-- Entries shown --
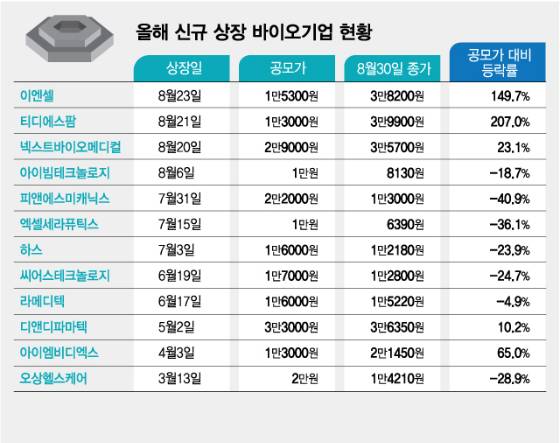 1일 한국거래소에 따르면 지난달 20~23일 잇따라 상장한 넥스트바이오메디컬과 티디에스팜, 이엔셀 등은 공모가 대비 최대 207.0% 상승한 주가로 지난달 30일 장을 마감했다. 올해 먼저 상장한 9개 바이오 기업 중 7개사가 공모가를 하회 중인 것과 상반된 모습이다.
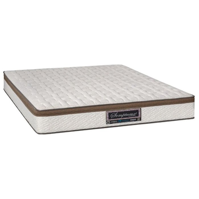 O Colchão Somptueux conta com tecido malha exclusivo dando um toque suave às suas noites de sono. Extremamente macio, leva uma camada extra de conforto para você dormir bem. Com borda de polipropileno expandido esse material possui memória, ou seja, quando comprimido e liberado, este retorna a posição inicial, sem deixar marcas ou deformações, tratando-se portanto de materiais mais resistentes. Com a tecnologia Superlastic Spring, o colchão oferece molejo com suas molas contínuas entrelaçadas e helicoidais no sentido horizontal, garantindo melhor distribuição do peso pela cama.
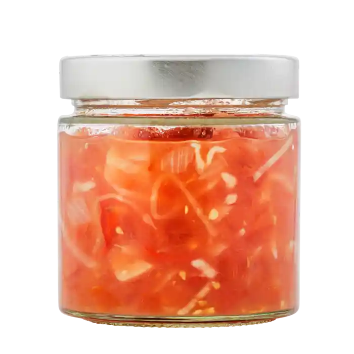 Årstidernas fräscha och syrliga tomatsalsa med lök och vitkål smaksatt med chili, vitlök och limesaft. Fermenterad i cirka 2 veckor under uppsyn av våra kockar.
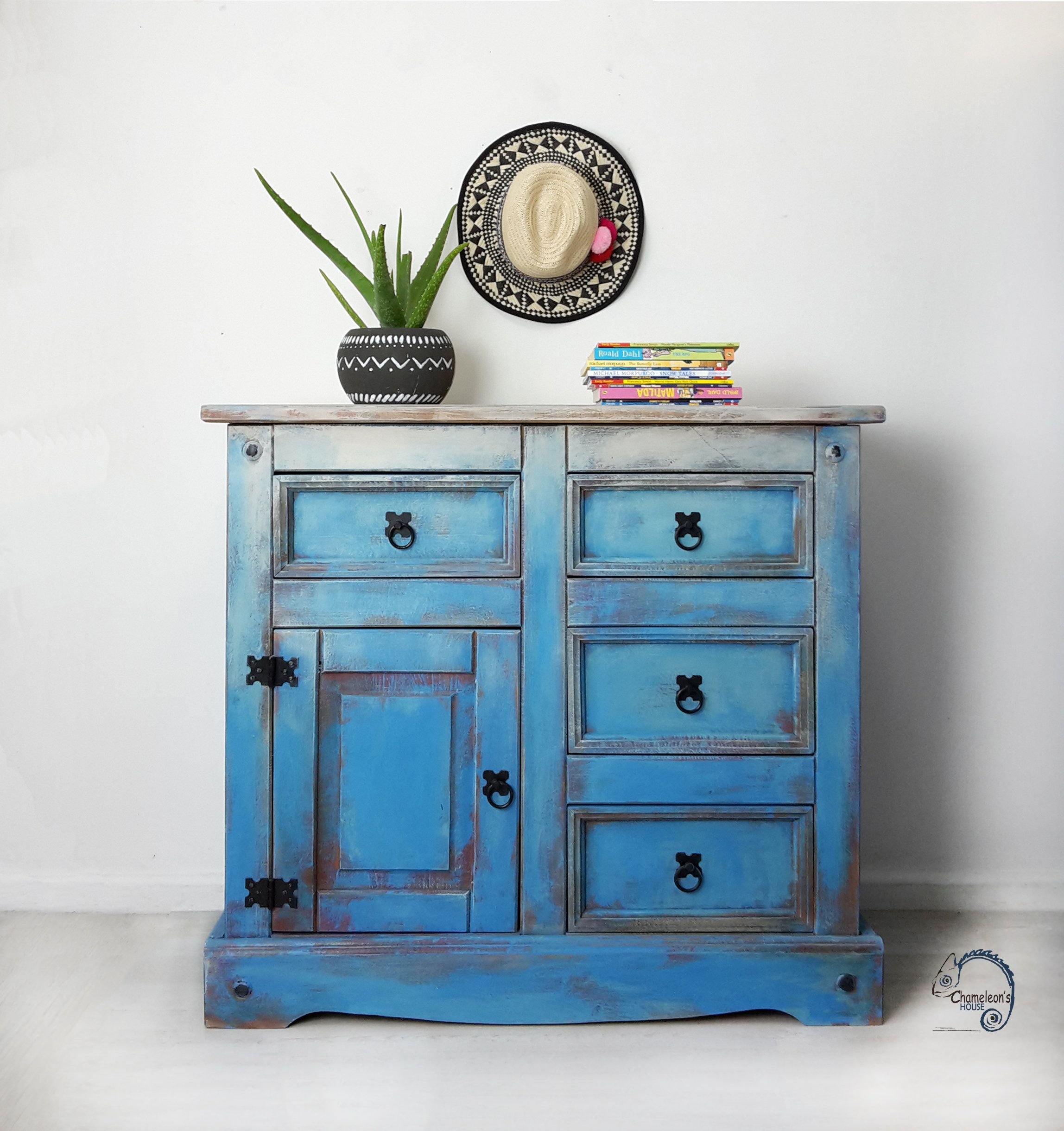 Синяя состаренная мебель
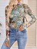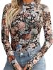 Turtleneck Long Sleeve Lace Floral Mesh Undershirt Top Women's
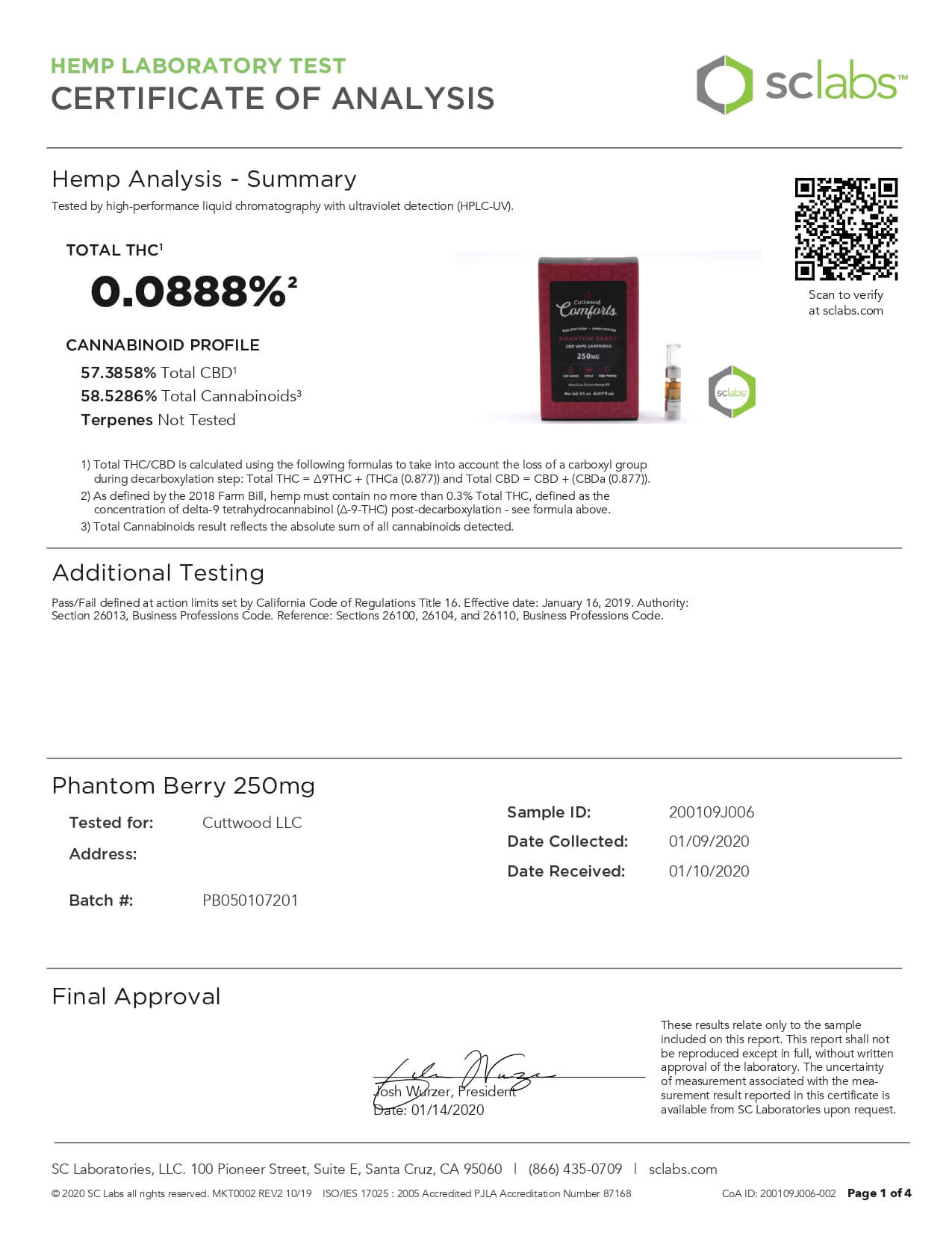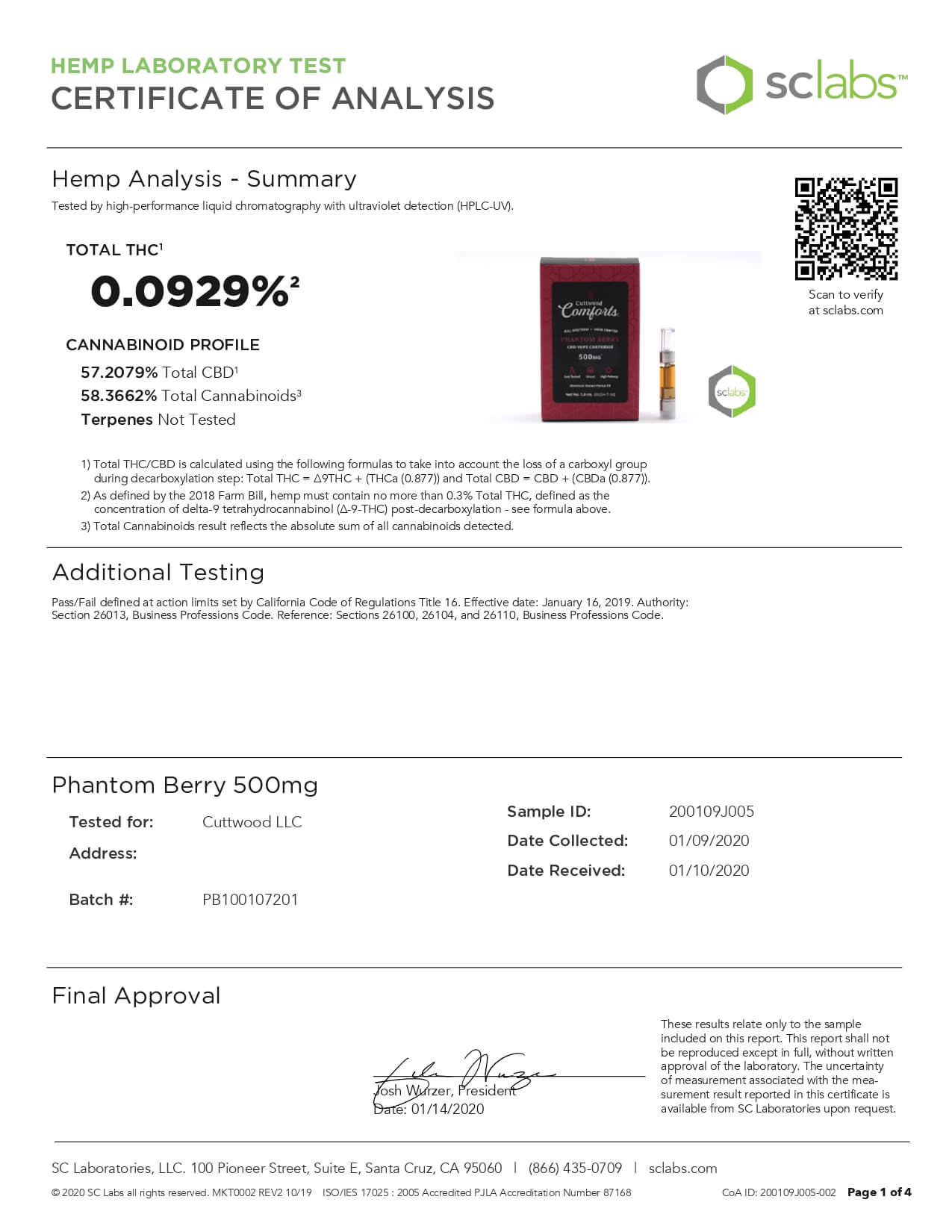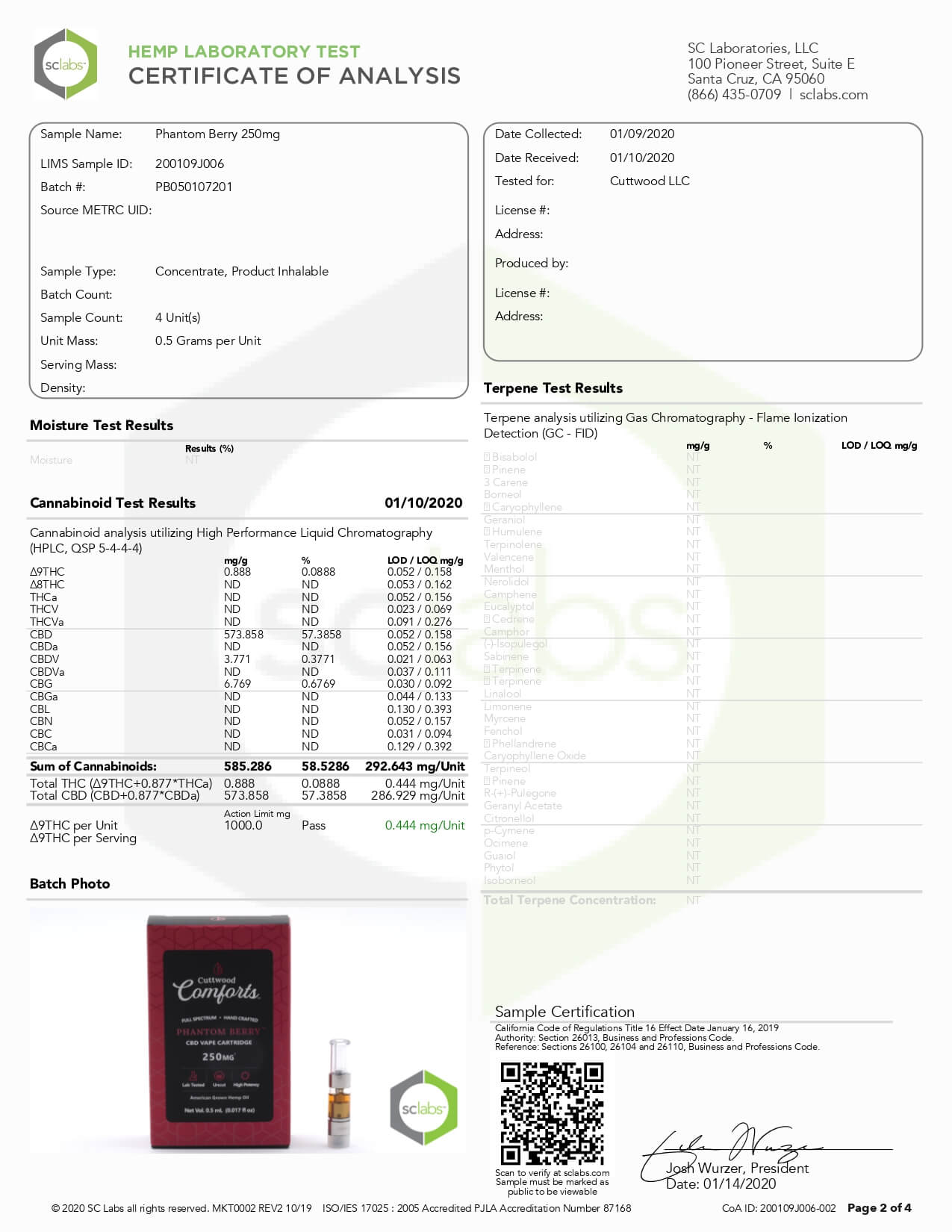 Cuttwood Comforts CBD Vape Cartridge Full Spectrum Phantom Berry Lab Report important details about vaping products.

-- Goal of the exercise --
Please set down the records above verbatim, with each picture left out.

-- Worked solution --
 1일 한국거래소에 따르면 지난달 20~23일 잇따라 상장한 넥스트바이오메디컬과 티디에스팜, 이엔셀 등은 공모가 대비 최대 207.0% 상승한 주가로 지난달 30일 장을 마감했다. 올해 먼저 상장한 9개 바이오 기업 중 7개사가 공모가를 하회 중인 것과 상반된 모습이다.
 O Colchão Somptueux conta com tecido malha exclusivo dando um toque suave às suas noites de sono. Extremamente macio, leva uma camada extra de conforto para você dormir bem. Com borda de polipropileno expandido esse material possui memória, ou seja, quando comprimido e liberado, este retorna a posição inicial, sem deixar marcas ou deformações, tratando-se portanto de materiais mais resistentes. Com a tecnologia Superlastic Spring, o colchão oferece molejo com suas molas contínuas entrelaçadas e helicoidais no sentido horizontal, garantindo melhor distribuição do peso pela cama.
 Årstidernas fräscha och syrliga tomatsalsa med lök och vitkål smaksatt med chili, vitlök och limesaft. Fermenterad i cirka 2 veckor under uppsyn av våra kockar.
 Синяя состаренная мебель
 Turtleneck Long Sleeve Lace Floral Mesh Undershirt Top Women's
 Cuttwood Comforts CBD Vape Cartridge Full Spectrum Phantom Berry Lab Report important details about vaping products.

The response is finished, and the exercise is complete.